I felt the same, but then noticed that there was a recycling number on the packaging.  So I just put it in my recycle bin.

Also there are not too many FO's I order from BB.  So the 2 or 3 I do isn't that big of a deal since it can be recycled.

I really hate Styrofoam peanuts.  Sure I can take them to the UPS store.  but til then they are all over the place in my house.  Grrr.


----------



## shunt2011 (Dec 13, 2015)

WSP uses peanuts which makes me crazy. They go everywhere. However, I would rather my package arrive undamaged than have a mess   I really like those that use paper or even the inflated air pouches or even bubble wrap.


----------



## dibbles (Dec 13, 2015)

I don't know where you are with your Lye Guy order, but when I ordered from him, it shipped quickly. I'd contact him if you still haven't received it (or at least a shipping notice).
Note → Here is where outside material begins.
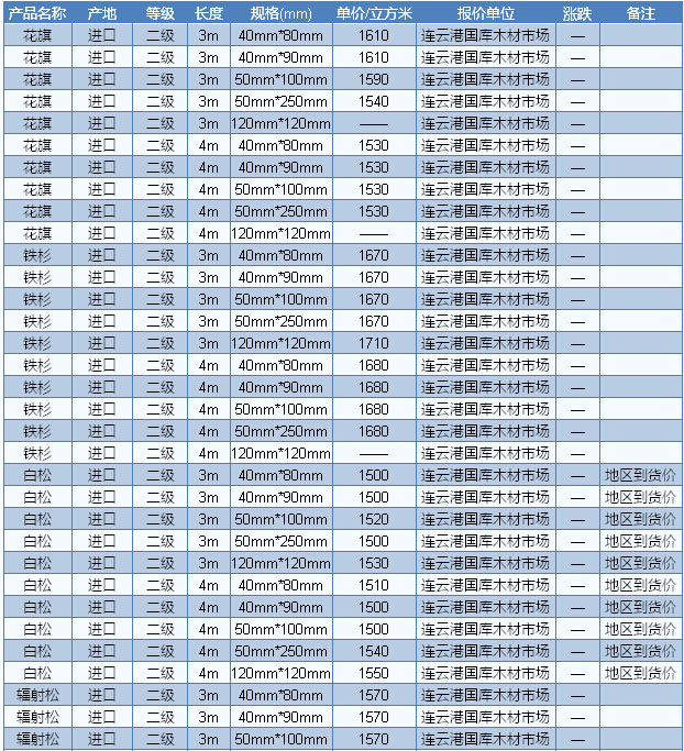 木材市場聯(lián)盟新動(dòng)態(tài):受到人民幣貶值的影響,繼闊葉材價(jià)格的上漲之后,近段時(shí)間軟木的價(jià)格也開始逐步拉升。據(jù)商家反映,近期北美軟木建筑用材的價(jià)格普遍上漲20-30元/立方米左右。不過,在需求面上,商家表示目前正處于淡季時(shí)期,即使價(jià)格上漲了,但下游市場的需求量仍然十分冷清,行情整體偏淡。目前廣東市場美國黃松長2— 4m、A級(jí)統(tǒng)材加工報(bào)收1360元/立方米;美國鐵杉長2—4m、A級(jí)統(tǒng)材加工報(bào)收1340元/立方米;南方松長2—4m、A級(jí)統(tǒng)材加工報(bào)收1360元 /立方米。
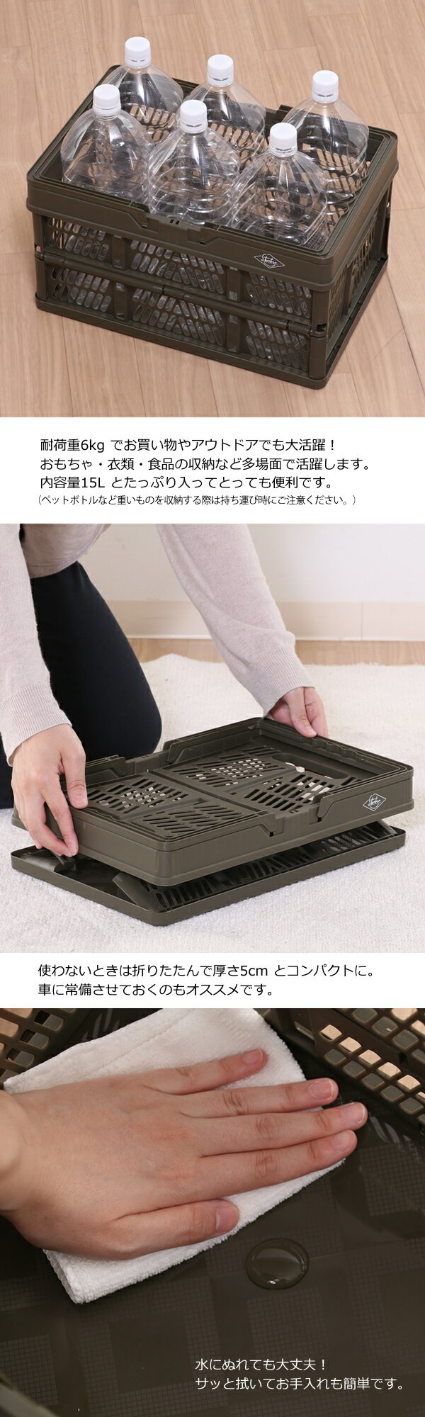 商品説明 ちょっとしたお出かけや、アウトドアに! 食品のストックボックスとして! 整理整頓など、様々な用途に大活躍な収納ボックスです! 使わないときは、コンパクトに折りたたむことができます。 ワンタッチで組み立ても簡単!積重ねてお使いいただけます。 サイズ 【折りたたみ時】幅約38cm×奥行約25.5cm×高さ約5cm<br> 【組み立て時】幅約38cm×奥行約25.5cm×高さ約20...

I ordered from Mad Oils and it just got here yesterday. They sent an email before it shipped saying they were sorry they were caught off guard with the number of orders that came in on Black Friday and thought all would be shipped within the following few days. Another apology note in the box when it arrived. I wasn't in a hurry for the order, and appreciated the customer service.

I ordered from Nurture on Small Business Saturday and my order shipped the same day. They were ready!


----------